Building a CNN Model with 95% accuracy

Aromal Jose Last Updated : 18 Jan, 2021

5 min read

This article was published as a part of the Data Science Blogathon.

Introduction

If you are determined to make a CNN model that gives you an accuracy of more than 95 %, then this is perhaps the right blog for you. Let’s get right into it.

We’ll tackle this problem in 3 parts

Transfer Learning
Data Augmentation
Handling Overfitting and Underfitting problem

Transfer Learning

Transfer learning is the improvement of learning in a new task through the transfer of knowledge from a related task that has already been learned.

In simpler words, the Idea of Transfer Learning is that, instead of training a new model from scratch, we use a model that has been pre-trained on image classification tasks.

Why use Transfer Learning?

Transfer learning is an optimization, a shortcut to saving time or getting better performance.

In general, it is not obvious that there will be a benefit to using transfer learning in the domain until after the model has been developed and evaluated. But in most cases, transfer learning would give you better results than a model trained from scratch

The major benefits of transfer learning are :

Higher start: The
initial skill (before refining the model) on the source model is higher
than it otherwise would be.
Higher slope: The
rate of improvement of skill during the training of the source model is
steeper than it otherwise would be.
Higher asymptote: The converged skill of the trained model is better than it otherwise would be.

This graph summarized all the 3 points, you can see the training starts from a higher point when transfer learning is applied to the model reaches higher accuracy levels faster.

Transfer Learning in Tensorflow

In this tutorial, we’ll be discussing how to use transfer learning in Tensorflow models using the Tensorflow Hub.
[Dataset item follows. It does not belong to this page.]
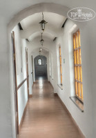 Так вот, мы проживали в комнате № 3 (двухместный номер) на первом этаже Монастырского корпуса. Здание построено по авторскому проекту! Он представляет собой Г-образный двухэтажный корпус, сделанный из камня (второй этаж снаружи отделан деревом) с прямоугольными оконными проемами в коридоре и арочными окнами в комнатах/кельи. Думаю, именно здание этого корпуса может погрузить Вас в XIX век! На фото видно, оригинальность внутреннего строения, а именно, типичные перекрытия коридора цилиндрическими сводами, что естественно погружает посетителей в старину.

Tensorflow hub is a place of collection of a wide variety of pre-trained models like ResNet, MobileNet, VGG-16, etc. They also have different models for image classification, speech recognition, etc. In the transfer learning models available in tf hub the final output layer will be removed so that we can insert our output layer with our customized number of classes.

URL = "https://tfhub.dev/google/tf2-preview/mobilenet_v2/feature_vector/2"
feature_extractor = hub.KerasLayer(URL,
                                   input_shape=(IMG_SHAPE, IMG_SHAPE,3))
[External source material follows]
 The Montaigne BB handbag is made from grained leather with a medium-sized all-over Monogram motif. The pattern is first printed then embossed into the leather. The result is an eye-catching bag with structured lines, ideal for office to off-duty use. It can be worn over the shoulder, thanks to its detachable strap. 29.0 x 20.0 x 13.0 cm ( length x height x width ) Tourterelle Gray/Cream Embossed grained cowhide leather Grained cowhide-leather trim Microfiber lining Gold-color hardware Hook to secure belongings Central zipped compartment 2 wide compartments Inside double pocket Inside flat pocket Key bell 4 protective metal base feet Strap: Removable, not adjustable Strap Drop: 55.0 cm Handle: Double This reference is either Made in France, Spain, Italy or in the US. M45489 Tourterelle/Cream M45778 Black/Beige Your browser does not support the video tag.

Here we have used the MobileNet Model, you can find different models on the TensorFlow Hub website. Each model has a specific input image size which will be mentioned on the website.

Here in our MobileNet model, the image size mentioned is 224×224, so when you use the transfer model make sure that you resize all your images to that specific size.

feature_extractor.trainable = False

Make sure that you include the above code after declaring your transfer learning model, this ensures that the model doesn’t re-train from scratch again

Now we can define our custom model :

no_of_output_classes=4
from tensorflow.keras import layers
model = tf.keras.Sequential([
  feature_extractor,
  layers.Dense(No_of_output_classes)   # make sure this number is the same number as output classes
])
model.summary()

Now we can run model.compile and model.fit like any normal model.

Data Augmentation

Having a large dataset is crucial for the performance of the deep learning model. However, we can improve the performance of the model by augmenting the data we already have. It also helps the model to generalize on different types of images. In data augmentation, we add different filters or slightly change the images we already have for example add a random zoom in, zoom out, rotate the image by a random angle, blur the image, etc.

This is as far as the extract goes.